COMMONS

Oversight arrangements for free schools not yet working effectively

09 May 2014

The Public Accounts Committee publishes its report into the establishment of free schools.

The Rt Hon Margaret Hodge MP, Chair of the Committee of Public Accounts, today said:

"Recent high-profile failures at Al-Madinah School, Discovery New School and Kings Science Academy demonstrate that the Department for Education and the Education Funding Agency’s oversight arrangements for free schools are not yet working effectively to ensure that public money is used properly.
“By implementing the free schools programme quickly, the Department has achieved clear progress on a policy priority, but opening new kinds of schools at such speed inevitably gives rise to risks.

The Department and Agency have set up an approach to oversight which emphasises schools’ autonomy, but standards of financial management and governance in some free schools are clearly not up to scratch.

The Agency relies on high levels of compliance by schools, yet fewer than half of free schools submitted their required financial returns for 2011-12 to the Agency on time.

Whistleblowers played a major role in uncovering recent scandals when problems should have been identified through the Agency’s monitoring processes.
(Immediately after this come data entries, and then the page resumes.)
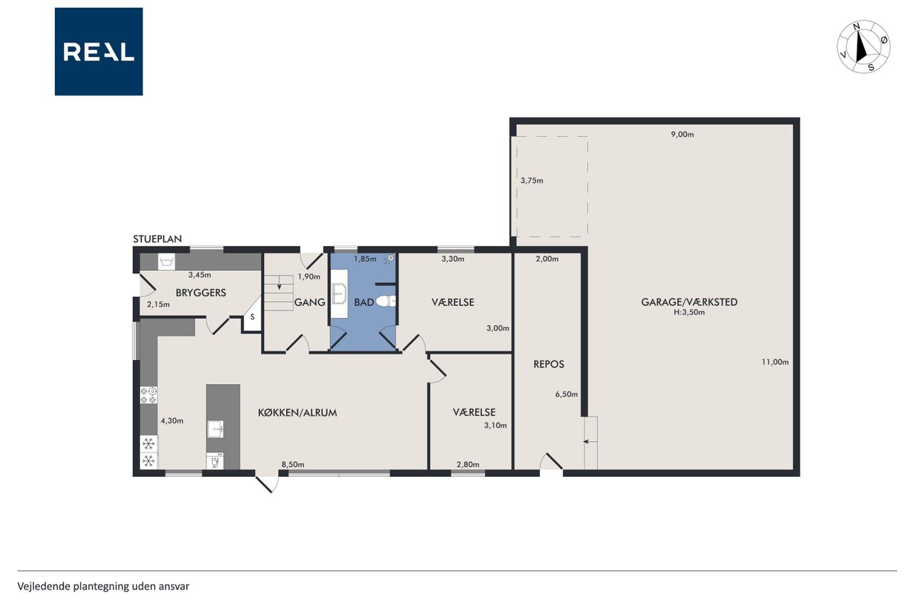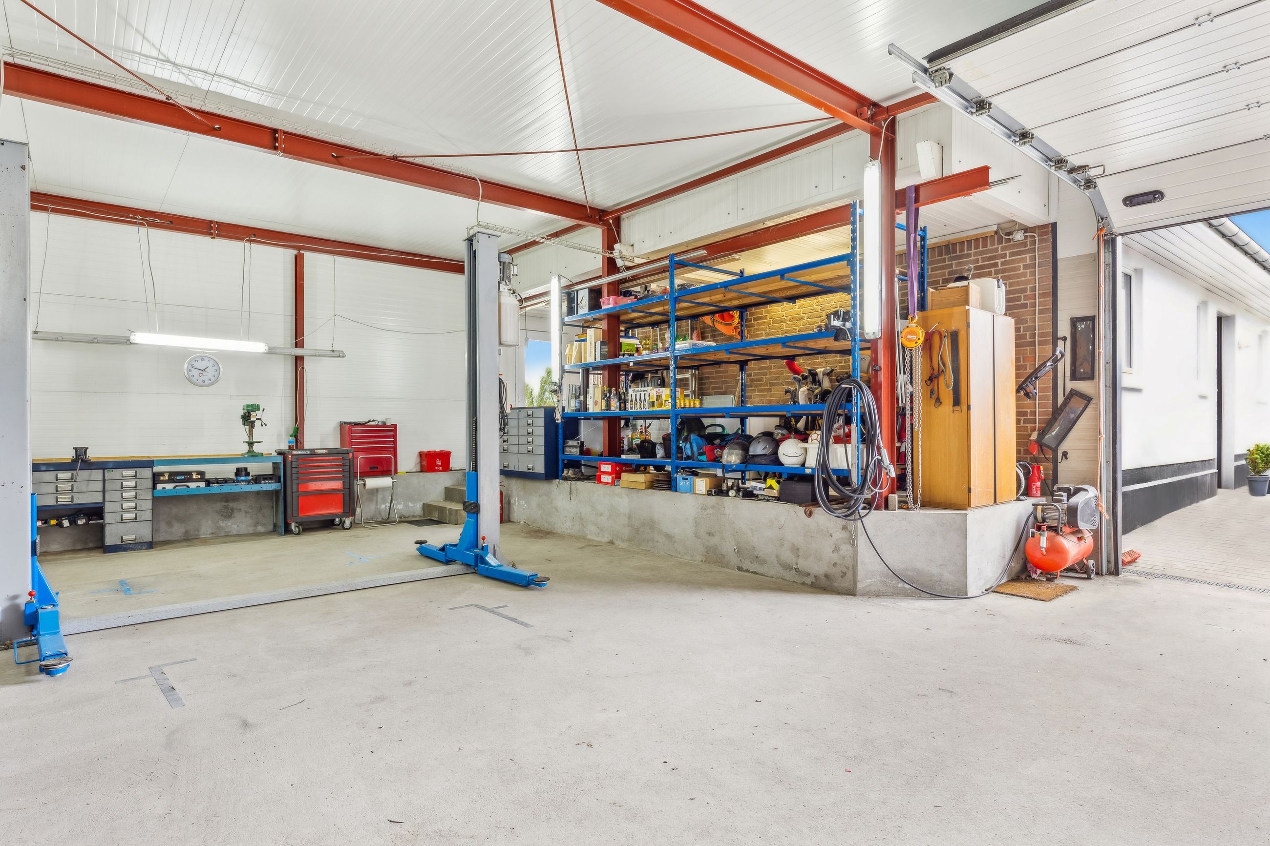 Til ejendommen hører også en ekstraordinær garage med højt til loftet. Her er der rigeligt med plads til både værksted, opbevaring og eventuelt en lift til bilen – en drøm for både gør-det-selv-folk og bilentusiaster.
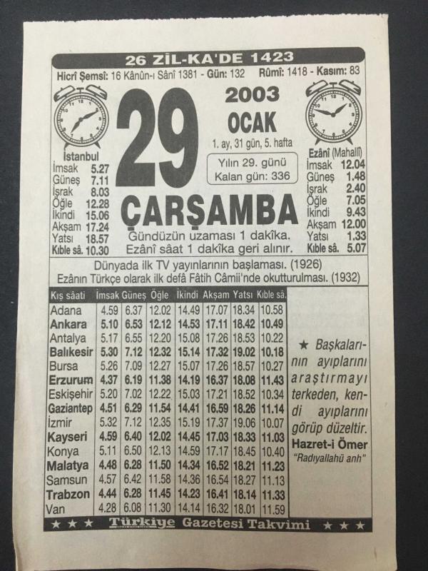 29 OCAK 2003-TAKVİM YAPRAĞI-DOĞUM GÜNÜ HEDİYESİ-TÜRKİYE GAZETESİ TAKVİMİ,DÜNYADA İLK TV YAYINLARININ BAŞLAMASI 1926,EZANIN TÜRKÇE OLARAK İLK DEFA FATİH CAMİİ DE OKUTTURULMASI 1932,, 1 yıl önce satışa sunulmuştur.
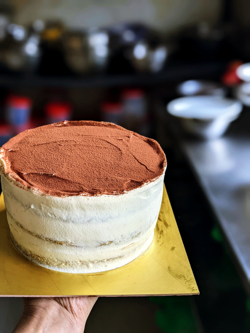 Almond Vanilla Cake with Cheesecake Frosting (eggless)
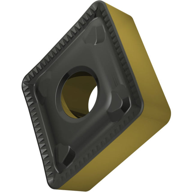 These double-sided 80 rhomboid CNMM turning inserts have a negative insert geometry and were designed for the medium to extra heavy machining of steels. The inscribed circle has a diameter of 25.4mm, 9.52mm thickness, and a 2.4mm nose radius
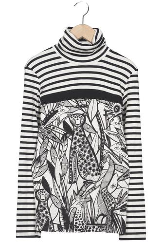 | Details | Jersey, Langarm, Rollkragen, Motivprint, Streifen |

The Department and the Agency must improve their arrangements for audit and accountability of free schools so that we can follow the taxpayer’s pound and satisfy ourselves that public money is being used appropriately.

We are also concerned that applications for new free schools are not emerging from areas of greatest forecast need for more and better school places.

The Department has received no applications to open primary free schools from half of districts with a high or severe forecast need for extra school places.

Around 87% of projected primary places in the free schools opened so far were in districts that had forecast a high or severe need for extra places, but only 19% of secondary places in the free schools opened so far were in such areas.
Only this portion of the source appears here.